See samples for examples.

Summary

Ports
This operator has 1 input port and 2 output ports.
Windowing
This operator does not accept any windowing configurations.
Parameters
This operator supports 3 parameters.

Required: watsonConfigFile, watsonModelFile

Optional: resetOnIdChange

Metrics
This operator does not report any metrics.

Properties

Implementation
C++
Threading
Always - Operator always provides a single threaded execution context.

Input Ports

Ports (0)
Attributes on this input port:
  • speech (required, rstring/blob) - In the case of .wav file input, the expected value will be an absolute file location of a .wav file as an rstring.
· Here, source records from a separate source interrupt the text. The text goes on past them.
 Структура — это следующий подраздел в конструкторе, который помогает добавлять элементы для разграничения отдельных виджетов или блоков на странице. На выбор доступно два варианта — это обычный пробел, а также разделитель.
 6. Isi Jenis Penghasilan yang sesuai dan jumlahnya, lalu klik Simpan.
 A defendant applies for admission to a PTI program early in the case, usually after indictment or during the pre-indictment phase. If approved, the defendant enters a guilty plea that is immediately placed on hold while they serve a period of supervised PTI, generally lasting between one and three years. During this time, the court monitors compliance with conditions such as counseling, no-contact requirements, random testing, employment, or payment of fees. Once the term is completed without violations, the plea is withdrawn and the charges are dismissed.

In the case of RAW audio, the expected input is of type blob.
  • id (optional, rstring) - Rstring id field for identifying audio data. Multiple audio files could be associated with the same ID. In conjunction with the resetOnIdChange parameter set to true, the Speech2Text buffer can be reset on ID change.

All extra attributes will be forwarded if matching output attributes are found.

Properties

Output Ports

Assignments
This operator allows any SPL expression of the correct type to be assigned to output attributes. Attributes not assigned in the output clause will be automatically assigned from the attributes of the input ports that have the same name and type. If there is no such input attribute, an error is reported at compile-time.
Output Functions
Speech2TextFunctions
<any T> T AsIs(T)

The default function for output attributes. By default, this function assigns the output attribute to the value of the input attribute with the same name.
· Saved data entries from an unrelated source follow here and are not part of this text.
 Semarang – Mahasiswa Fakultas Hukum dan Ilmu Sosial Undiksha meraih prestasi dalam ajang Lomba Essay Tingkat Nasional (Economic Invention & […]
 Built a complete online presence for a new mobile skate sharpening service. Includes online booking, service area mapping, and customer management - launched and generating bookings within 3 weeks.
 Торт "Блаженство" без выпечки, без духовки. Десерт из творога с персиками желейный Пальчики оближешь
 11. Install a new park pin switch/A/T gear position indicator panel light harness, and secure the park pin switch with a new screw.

rstring getUtteranceText()

Returns the transcription of audio in the form a of single utterance.

float64 getUtteranceStartTime()

Return the time of the first audio sample in the current utterance. Time starts at 0 every time the Speech2Text buffer is reset (i.e. for every incoming tuple, or on change of the id attribute).

float64 getUtteranceEndTime()

Return the time of the last audio sample in the current utterance. Time starts at 0 every time the Speech2Text buffer is reset (i.e. for every incoming tuple, or on change of the id attribute).

int32 getUtteranceNumber()

Return utterance number since the last time the Speech2Text buffer was reset/cleared. Numbering starts at 1.

DiagnosticFunctions
<any T> T AsIs(T)

The default function for output attributes. By default, this function assigns the output attribute to the value of the input attribute with the same name.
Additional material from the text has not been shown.